(Beginning of RAW DATA)

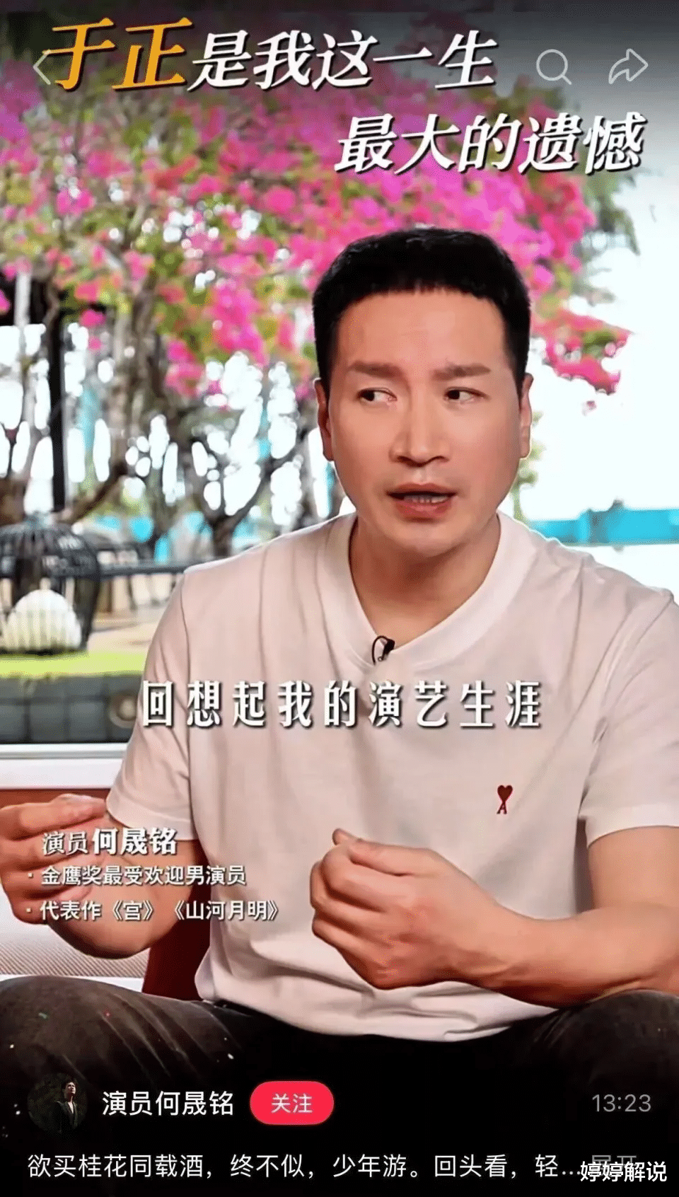 3月13日,何晟铭发了一段视频。视频录制的时间有点特殊——2月28日,于正生日那天。他在镜头前说起一个人,语气平静,但说出来的话让人心里一沉:"他是我这一生最大的遗憾。"
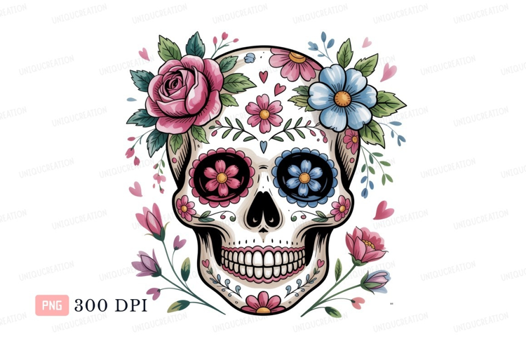 Decorative Pink Green Skull Hearts Ornamental Flowers Blue Dead Day
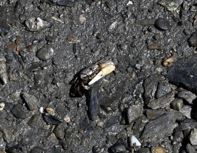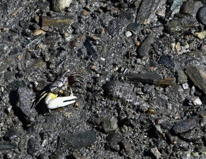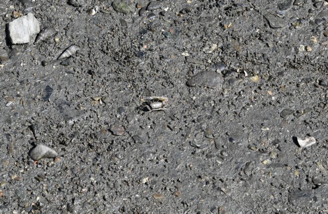 この子は右利き?ハサミが大きい側が利き手?知らんけど。ハサミだけでなく、甲羅の模様が今風で何かカニらしくなくてカッコよさげ。初めて見るハクセンシオマネキ。熱中症警戒アラートが発令されてさえいなければ、いつまでも見ていたい気持ちでした。

(End of RAW DATA)

Each line above should be output exactly, apart from the pictures.

 3月13日,何晟铭发了一段视频。视频录制的时间有点特殊——2月28日,于正生日那天。他在镜头前说起一个人,语气平静,但说出来的话让人心里一沉:"他是我这一生最大的遗憾。"
 Decorative Pink Green Skull Hearts Ornamental Flowers Blue Dead Day
 この子は右利き?ハサミが大きい側が利き手?知らんけど。ハサミだけでなく、甲羅の模様が今風で何かカニらしくなくてカッコよさげ。初めて見るハクセンシオマネキ。熱中症警戒アラートが発令されてさえいなければ、いつまでも見ていたい気持ちでした。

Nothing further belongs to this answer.